Counter/Timer

This could be a grouding or earthing issue. Is there anyway you could put together a wiring diagram showing how you have the device connected to the 9402? Also, if you could post the model of the anemometer you are using that would be helpful.

-Nick-

The anemometer is a Schiltknecht MiniAir60 Mini, giving 0-4 V pulses at a frequency range of 0-1.8 kHz over an air speed range of 0 - 20 m/s.

Currently the sensor is earthed to its power supply, I will investigate electrical connections and alternative earthing arrangements. The signal is carried from a junction box to the cDAQ on a shielded cable and connects with the appropriate BNC connector.

I have also observed the frequency count using a Fluke 175 digital multimeter. By this method, the mean was 472.5 Hz, the maximum was 496.8 Hz and the minimum was 483.9 Hz. Using the NI cDAQ, the mean was 482.6 Hz, the max was 542.8 Hz and the min was 425.2 Hz. These are similar means and very different max and min readings. To my mind this is consistent with the Fluke filtering out digital bounce whereas the NI cDAQ does not. The similar means (which corresponds to a wind speed reading verified by a separate handheld anemometer) indicates to me that any noise is less significant than the signal. I am hoping that the NI cDAQ can be configured to give some sort of digital debounce or can be configured to be less sensitive to the noise.

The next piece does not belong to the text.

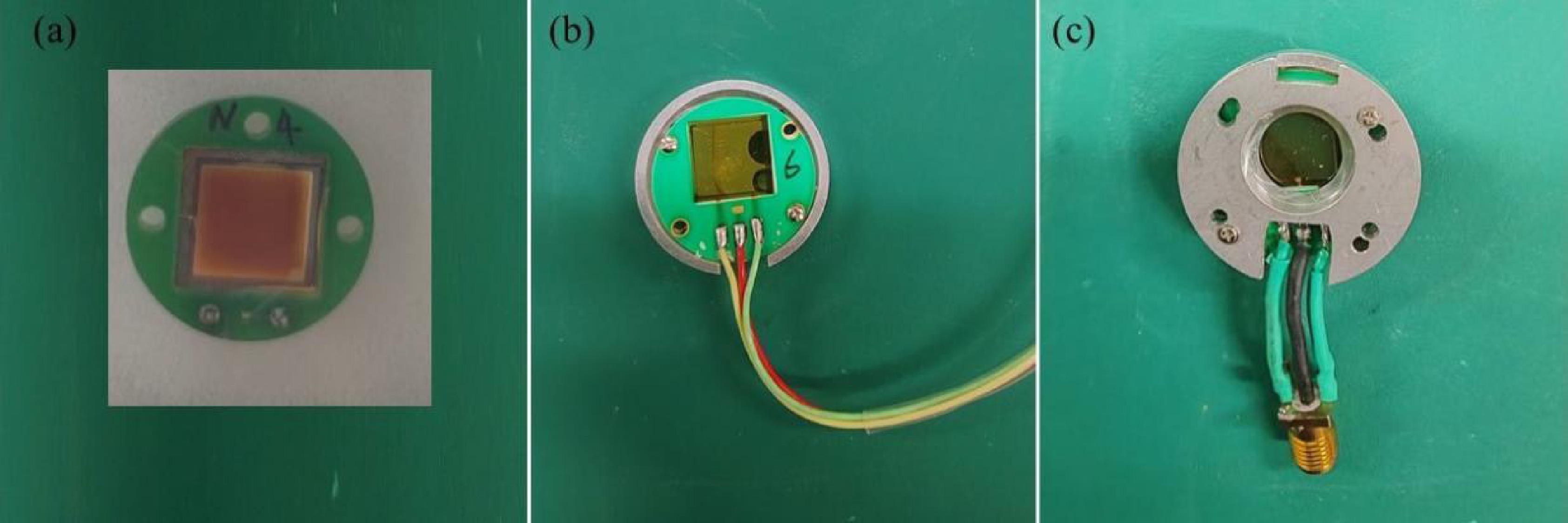 Figure 3. (color online) Photographs of the silicon carbide (SiC) detector:(a) Newly fabricated SiC detector; (b) Signal cable being soldered to the detector; (c) Detector placed inside a custom-made aluminum housing, with the circular area at the top designated for the neutron source.

I plan to observe the pulse train directly using the NI 9239 module that I also have in the system, when I have that data I will make it available to you.

thanks

I have logged the voltage signal coming from the anemometer, using our 9239, a report of a few cycles is attached as a PDF. The graph clearly shows a small digital bounce. The noise is small compared to the signal, is there any way it can be filtered when acquired by the 9402?

Other tests that I ran showed a background noise in the order of 50 microVolts and a frequency of 50 Hz, this is very likely a background noise from a power supply (we run at 50 Hz in Aus) but is many orders of magnitude smaller than the signal, I assume it would be ignoredby the 9402.

Hi mints,

The cDAQ-9174 chassis does support digital filtering (debounce filtering) on its PFI lines.  Please search "PFI filtering" in the specifications below for more information:

NI cDAQ-917x User Manual and Specifications:  http://www.ni.com/pdf/manuals/372838c.pdf

I have not found a way to access these settings from signal express though.  The only way I believe it's possible is through LabVIEW or C.

Brian

I wouldn't suggest you *shouldn't* try to address the noise/ringing visible in your analog capture, but it doesn't look to me to be the root of your problem.

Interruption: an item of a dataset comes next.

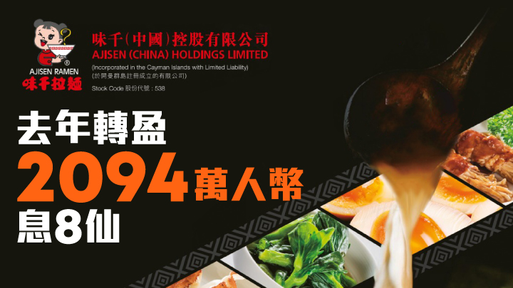 味千中國538|去年扭虧為盈 賺2094萬人幣 息8仙

The scaled windspeed data from your original post appears to have a big component of quantization noise.  This is pretty visible in the "Run 2" data where there are a lot of instantaneous step changes in the measured value.  Your observation that count values are always multiples of 10 also suggest quantization (though 10 counts out of about 500 only accounts for a little of the overall variation.)

The fact that you can confirm the mean measurement with your Fluke also points toward a non-cumulative source of quantization error.  I've never used Signal Express, but I would look for a way to improve the measurement resolution.  Right now it kinda looks like it's counting # of anemometer edges per 1/10 sec interval.  That turns integer # edges into multiples of 10 for freq.  What *I* would do in LabVIEW is count timebase cycles between anemometer edges.   (With a 20 MHz timebase and a <2 kHz signal, quantization error would drop to less than 1 part in 10000.)    Sorry, but I don't know how to set that up in Signal Express (or even if you *can*).

-Kevin P

Kevin

thanks for the idea for investigation. My understanding is that the counter I've set up in Signal Express will give a quantization error of less than 0.5%, but we're seeing an error of +- 5%. The signal is at about 480 Hz, the timebase is 100 kHz.

I will try to other counter configurations and observe the effects; as you say, the sudden and rapid changes in count are consistent with a quantization error.

Brian

thanks for confirming this state of affairs, I also cannot find access to the digital debounce through Signal Express.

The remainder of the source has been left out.